Jouer le jeu de la préparation aux tsunamis

Le Centre d’information sur les tsunamis de l’océan Indien a mis au point un jeu de société « Tsunami Ready » [Prêts face au tsunami] destiné aux enfants issus des communautés côtières. « En jouant à ce jeu, j’apprends beaucoup de choses, notamment sur les mesures de limitation des risques que nous pouvons prendre à l’échelle de la communauté, de la famille et de l’individu », explique Sasa Tsairoo, un jeune joueur qui a participé à la Journée mondiale de sensibilisation aux tsunamis en 2021. « Le jeu est amusant et vaut la peine d’être essayé ».

11 mars, 19 h 43 : début des opérations de sauvetage et de reconstruction

Les autorités locales annoncent la « fin d’alerte », indiquant qu’il est possible de retourner en toute sécurité dans les zones côtières. La population se précipite dans les rues, abasourdie. Au milieu des inondations et de la dévastation, les équipes de recherche et de sauvetage s’activent à travers l’archipel, tentative désespérée de trouver des survivants. Les installations assurant les services essentiels comme l’approvisionnement en eau, gaz, électricité et télécommunications sont hors d’usage. Le littoral est dévasté par les inondations, les bâtiments endommagés, les débris, les incendies et les fuites de produits dangereux. De nombreuses personnes sont portées disparues. Beaucoup d’autres ont perdu leur maison et devront peut-être trouver refuge dans des abris ou des bâtiments publics jusqu’à ce que la reconstruction commence.

Réalité ou fiction ?



Ce rapport est en fait le scénario fictif d’un tsunami dans les Caraïbes, basé sur un exercice de simulation.
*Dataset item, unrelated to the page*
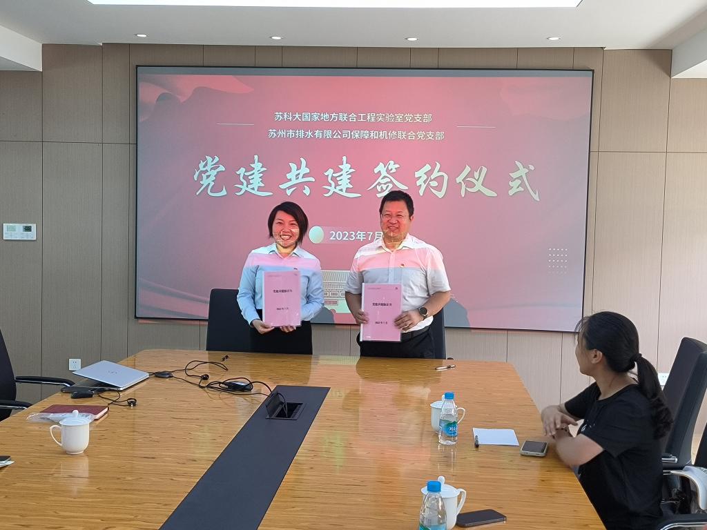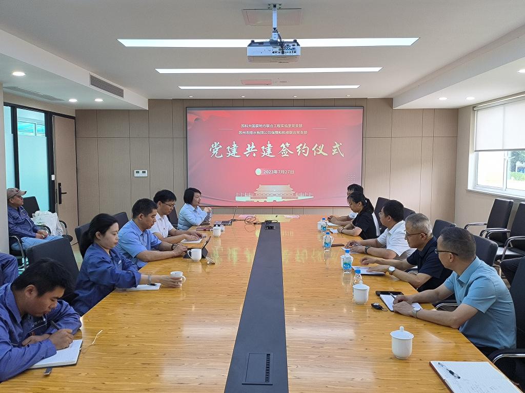 党委书记费忠民、院长李大鹏,副院长潘杨、苏州市排水有限公司副总经理黄继会、苏州市排水有限公司生产处副处长张俊、苏州市排水有限公司保障和机修联合党支部书记陈丽娟等出席共建仪式,会议由陈丽娟主持。

Caribe Wave est un exercice annuel de préparation aux tsunamis mis en place par les Nations Unies et supervisé par la COI-UNESCO. La date et l’heure de la simulation ne sont pas le fruit du hasard : il s’agit de l’anniversaire du tremblement de terre et du tsunami qui ont fait près de 16 000 morts au Japon le 11 mars 2011.

Sous la supervision de la COI-UNESCO, les exercices permettent aux différents pays et territoires, aux agences de gestion des urgences et aux populations à risque de tester, valider et mettre à jour leurs plans d’action en cas de tsunami.

L’exercice, qui, en 2019, a mobilisé jusqu’à 800 000 personnes pour simuler un scénario catastrophe, est axé sur la coordination entre les pays, l’amélioration des procédures d’intervention et la formation de la population locale afin qu’elle soit prête.

Il joue également un rôle clé dans la promotion de populations résilientes. Les tsunamis constituent une menace réelle dans les Caraïbes. Pas moins de 75 tsunamis ont frappé la région au cours des 500 dernières années. Certains pays faisant face au golfe du Mexique sont également exposés à la double menace des tsunamis le long de leurs côtes pacifiques.

Grâce à Caribe Wave, plus de 50 communautés côtières sont désormais considérées comme préparées aux tsunamis. Autrement dit, ces communautés disposent désormais des outils nécessaires pour affronter non seulement les tsunamis, mais également les autres risques côtiers.

Reconnaissance du programme « Tsunami Ready »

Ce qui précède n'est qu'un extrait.